◆ Problem requirements: Write out the data again exactly, skipping every picture.

◆ Data shown:
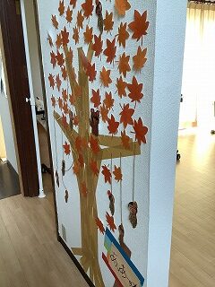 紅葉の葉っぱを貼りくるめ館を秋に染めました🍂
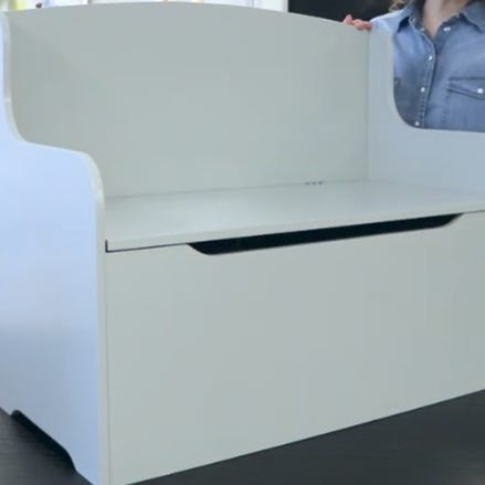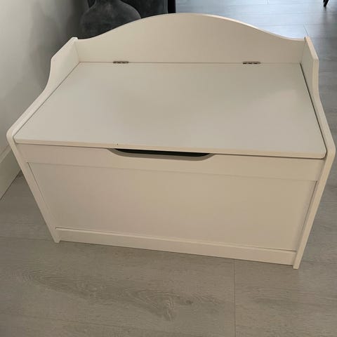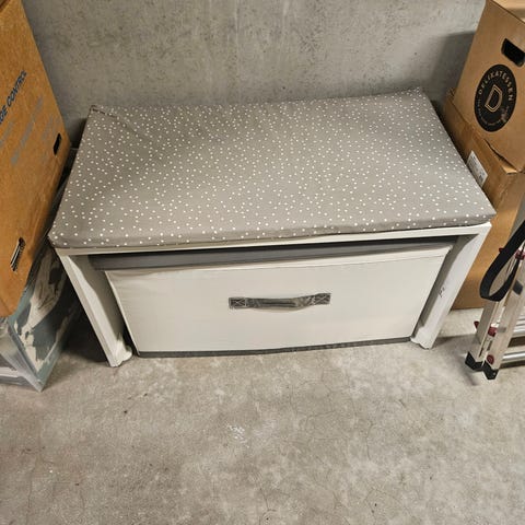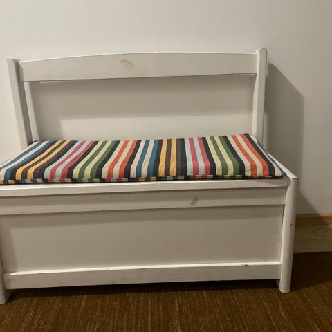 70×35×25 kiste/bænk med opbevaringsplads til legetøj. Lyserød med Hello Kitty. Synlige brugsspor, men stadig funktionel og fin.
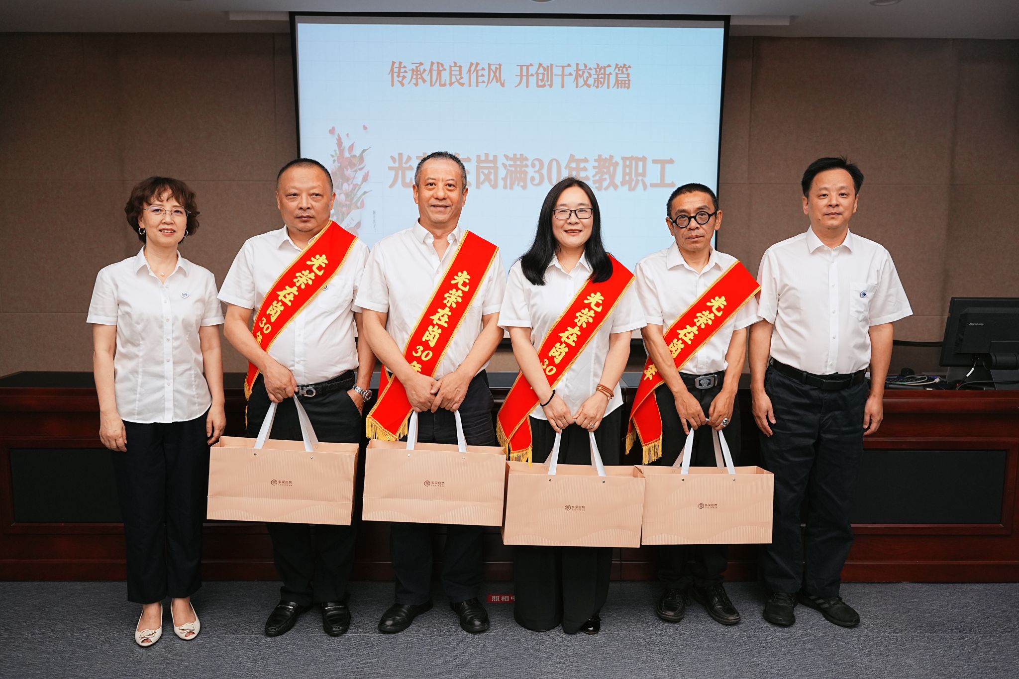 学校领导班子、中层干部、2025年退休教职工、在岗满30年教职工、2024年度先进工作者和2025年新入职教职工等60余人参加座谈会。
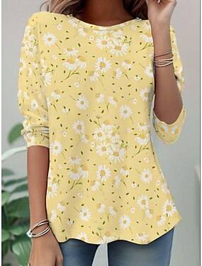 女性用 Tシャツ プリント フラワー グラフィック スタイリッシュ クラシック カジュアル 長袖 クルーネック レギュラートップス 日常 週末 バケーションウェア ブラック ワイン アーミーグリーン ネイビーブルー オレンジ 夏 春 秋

◆ Result for this exercise:
 紅葉の葉っぱを貼りくるめ館を秋に染めました🍂
 70×35×25 kiste/bænk med opbevaringsplads til legetøj. Lyserød med Hello Kitty. Synlige brugsspor, men stadig funktionel og fin.
 学校领导班子、中层干部、2025年退休教职工、在岗满30年教职工、2024年度先进工作者和2025年新入职教职工等60余人参加座谈会。
 女性用 Tシャツ プリント フラワー グラフィック スタイリッシュ クラシック カジュアル 長袖 クルーネック レギュラートップス 日常 週末 バケーションウェア ブラック ワイン アーミーグリーン ネイビーブルー オレンジ 夏 春 秋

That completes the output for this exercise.